This post is a follow up on my previous post about using the GPU for brute force nearest neighbour searching. In the previous post I found the GPU to be slower than using the ANN library, which utilises some sort of KD-tree to speed up searches. So I decided to get around to implementing a basic KD-tree on the GPU for a better comparison.

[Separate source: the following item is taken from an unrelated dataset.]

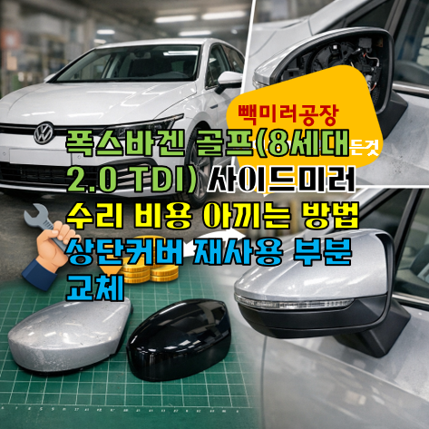 폭스바겐 골프 8세대 사이드미러 수리, 무조건 비싸게 할 필요 없습니다. 🙅

My approach was to build the tree on the host and transfer it to the GPU. Sounds conceptually easy enough, as most things do. The tricky part was transferring the tree structure. I ended up representing the tree as an array node on the GPU, with each node referencing other nodes using an integer index, rather than using pointers, which I suspect would have got rather ugly. The KD-tree that I coded allows the user to set the maximum depth if they want to, which turned out to have some interesting effects as shown shortly. But first lets see some numbers:
nghia@nghia-laptop:~/Projects/CUDA_KDtree$ bin/Release/CUDA_KDtree CUDA blocks/threads: 196 512 Points in the tree: 100000 Query points: 100000 Results are the same! GPU max tree depth: 99 GPU create + search: 321.849 + 177.968 = 499.817 ms ANN create + search: 162.14 + 456.032 = 618.172 ms Speed up of GPU over CPU for searches: 2.56x
Alright, now we’re seeing better results from the GPU. As you can see I broken the timing down for the create/search part of the KD-tree. My KD-tree creation code is slower than ANN, no real surprise there. However the searches using the GPU is faster, the results I was hoping for. But only 2.56x faster, nothing really to rave about. I could probably get the same speed up, or more, by multi-threading the searches on the CPU. I then started to play around with the maximum depth of my tree and got these results:
GPU max tree depth: 13 GPU create + search: 201.771 + 56.178 = 257.949 ms ANN create + search: 163.414 + 403.978 = 567.392 ms Speed up of GPU over CPU for searches: 7.19x
From 2.56x to 7.19x, a bit better! A max tree depth of 13 produced the fastest results. It would seem that there is a sweet spot between creating a tree with the maximum depth required, so that each leaf of the tree holds only a single point, versus a tree with a limited depth and doing a linear search on the leaves. I suspect most of the bottleneck is due to the heavy use of global memory, especially randomly accessing them from different threads, which is why we’re not seeing spectacular speed ups.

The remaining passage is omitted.